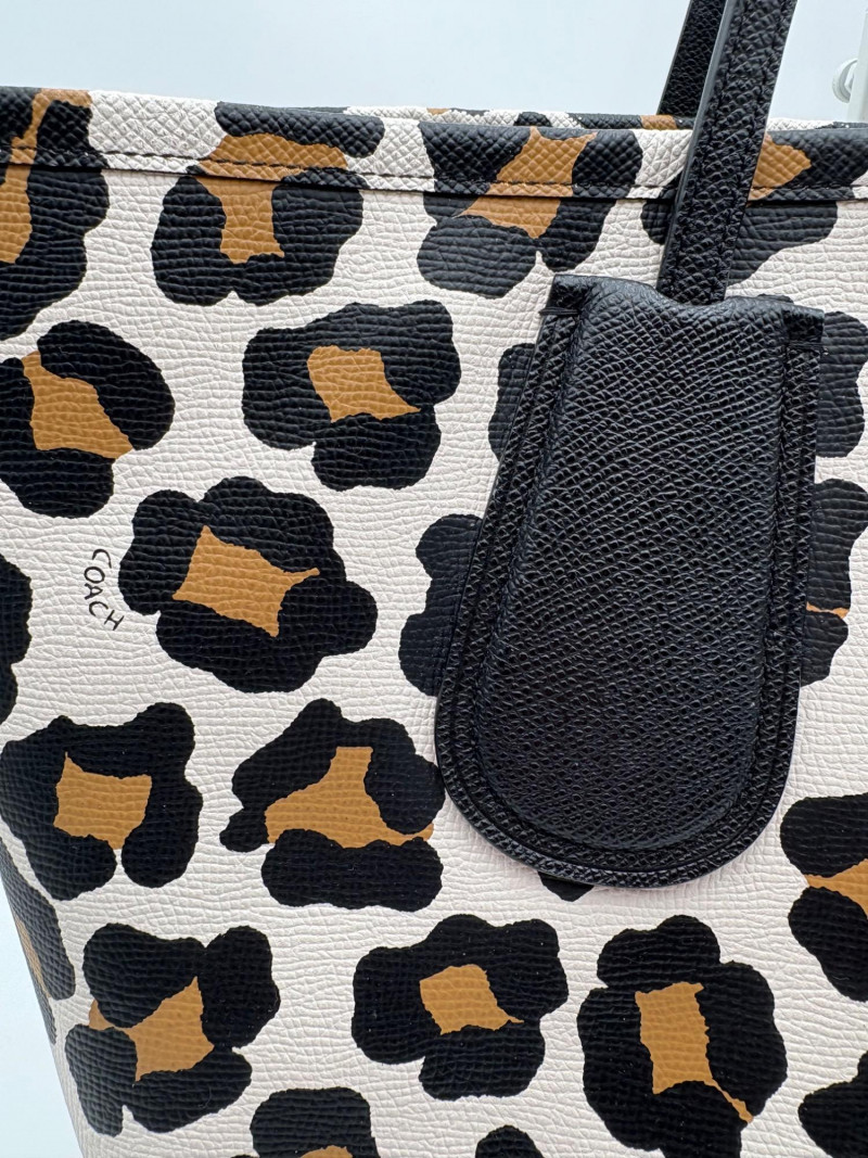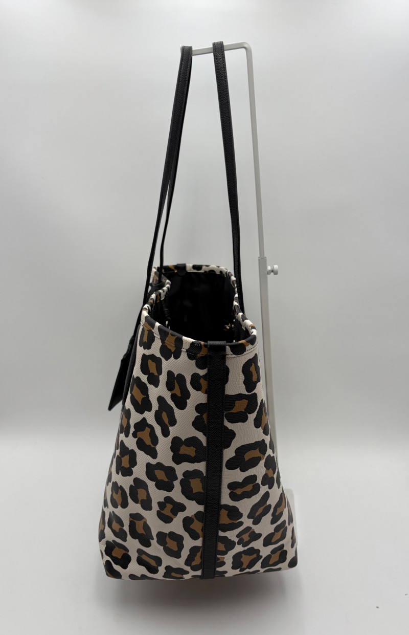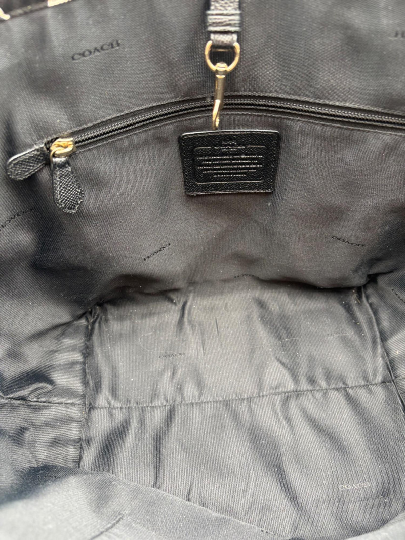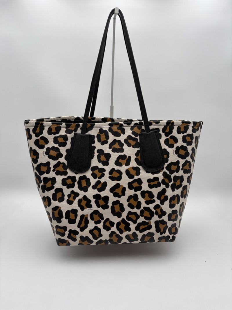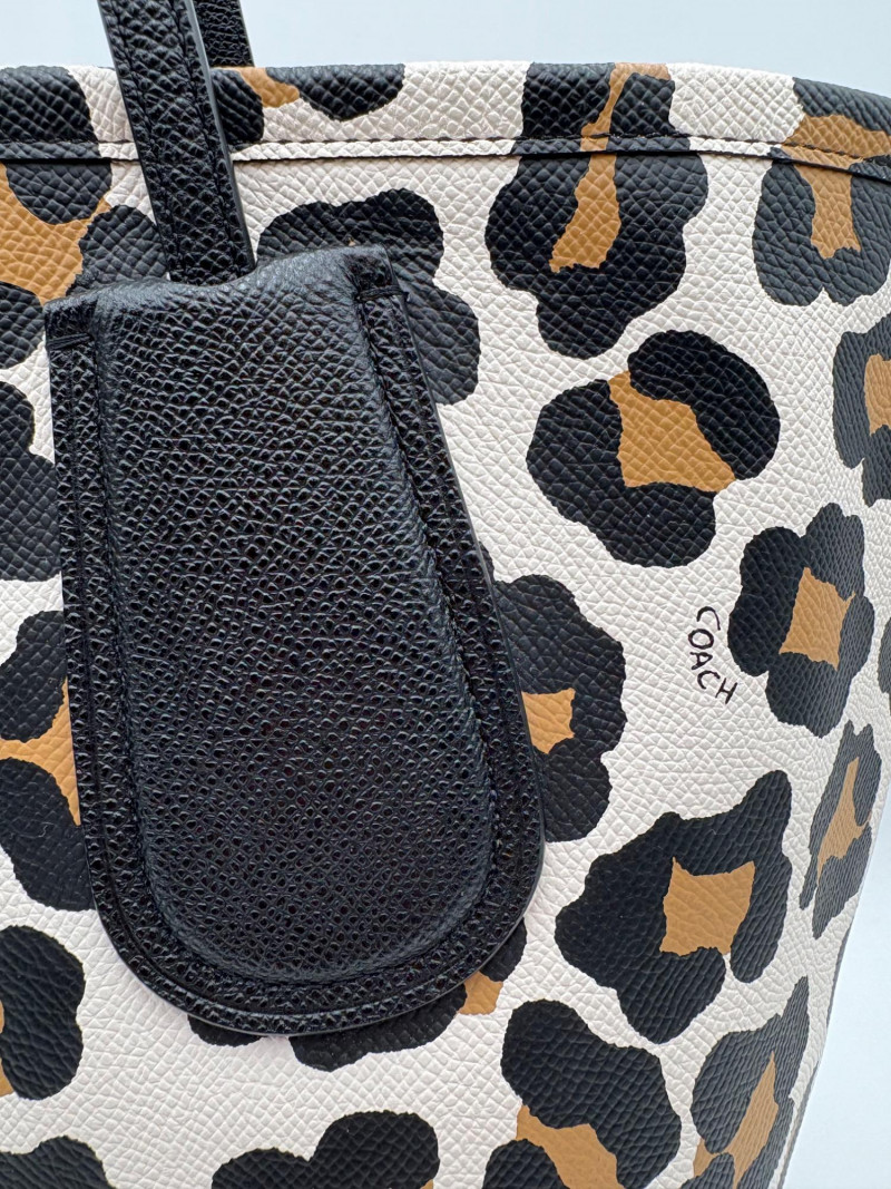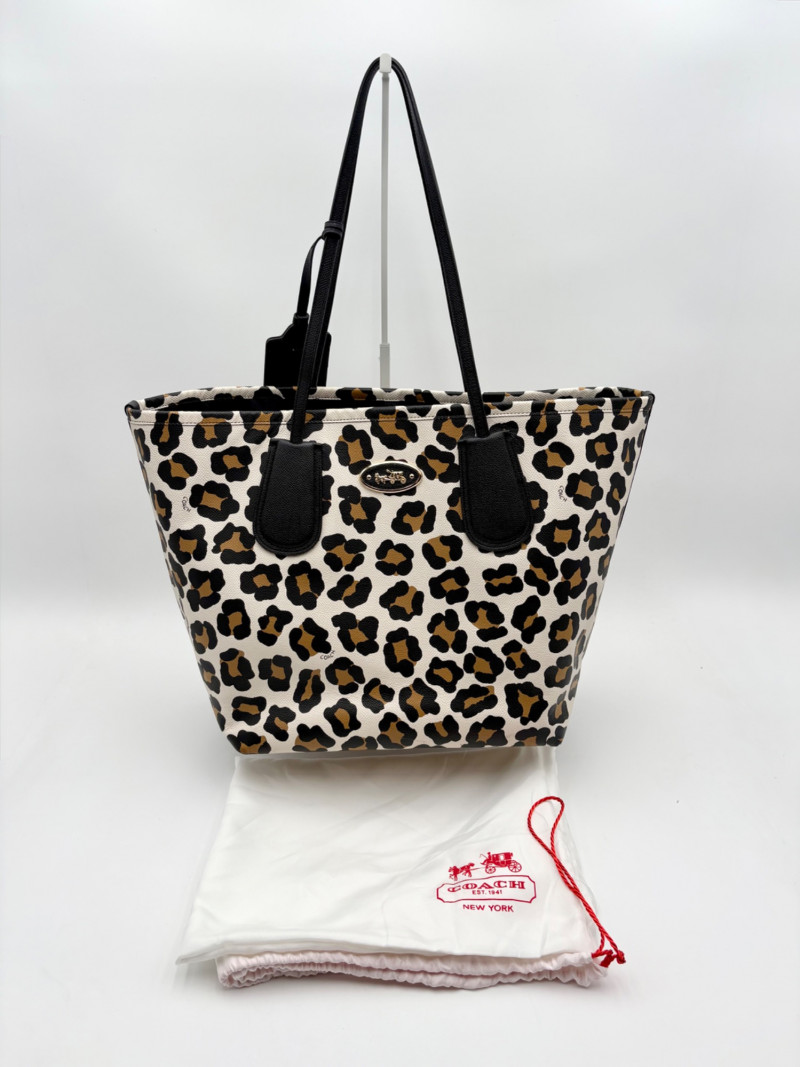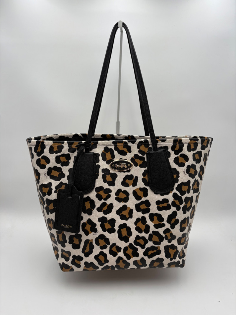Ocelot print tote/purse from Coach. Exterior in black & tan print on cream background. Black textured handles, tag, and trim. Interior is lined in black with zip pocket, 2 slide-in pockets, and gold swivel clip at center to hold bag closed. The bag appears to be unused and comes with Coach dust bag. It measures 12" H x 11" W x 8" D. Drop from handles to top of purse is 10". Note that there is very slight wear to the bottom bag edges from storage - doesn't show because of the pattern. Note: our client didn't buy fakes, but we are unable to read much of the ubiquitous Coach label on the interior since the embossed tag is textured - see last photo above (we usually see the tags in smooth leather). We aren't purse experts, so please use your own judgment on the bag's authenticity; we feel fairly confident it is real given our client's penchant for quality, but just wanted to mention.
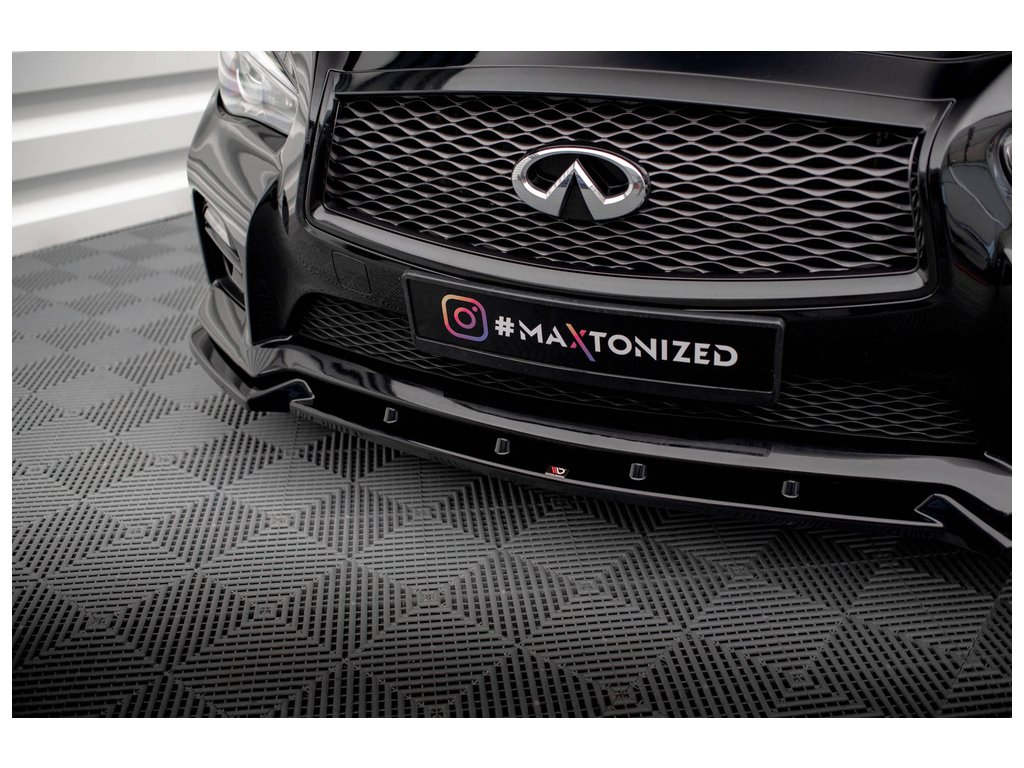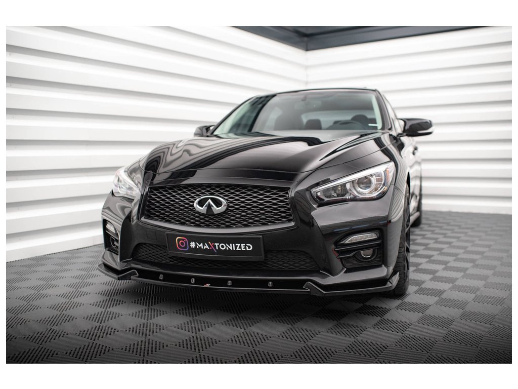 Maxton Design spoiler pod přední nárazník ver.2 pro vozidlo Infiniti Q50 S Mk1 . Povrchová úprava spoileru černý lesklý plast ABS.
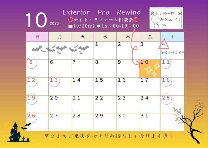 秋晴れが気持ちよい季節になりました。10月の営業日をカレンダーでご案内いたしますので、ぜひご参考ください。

> **Assignment**
Give every line of the listing above again, exactly, with no images.

> **Written reply**
Ocelot print tote/purse from Coach. Exterior in black & tan print on cream background. Black textured handles, tag, and trim. Interior is lined in black with zip pocket, 2 slide-in pockets, and gold swivel clip at center to hold bag closed. The bag appears to be unused and comes with Coach dust bag. It measures 12" H x 11" W x 8" D. Drop from handles to top of purse is 10". Note that there is very slight wear to the bottom bag edges from storage - doesn't show because of the pattern. Note: our client didn't buy fakes, but we are unable to read much of the ubiquitous Coach label on the interior since the embossed tag is textured - see last photo above (we usually see the tags in smooth leather). We aren't purse experts, so please use your own judgment on the bag's authenticity; we feel fairly confident it is real given our client's penchant for quality, but just wanted to mention.
 Maxton Design spoiler pod přední nárazník ver.2 pro vozidlo Infiniti Q50 S Mk1 . Povrchová úprava spoileru černý lesklý plast ABS.
 秋晴れが気持ちよい季節になりました。10月の営業日をカレンダーでご案内いたしますので、ぜひご参考ください。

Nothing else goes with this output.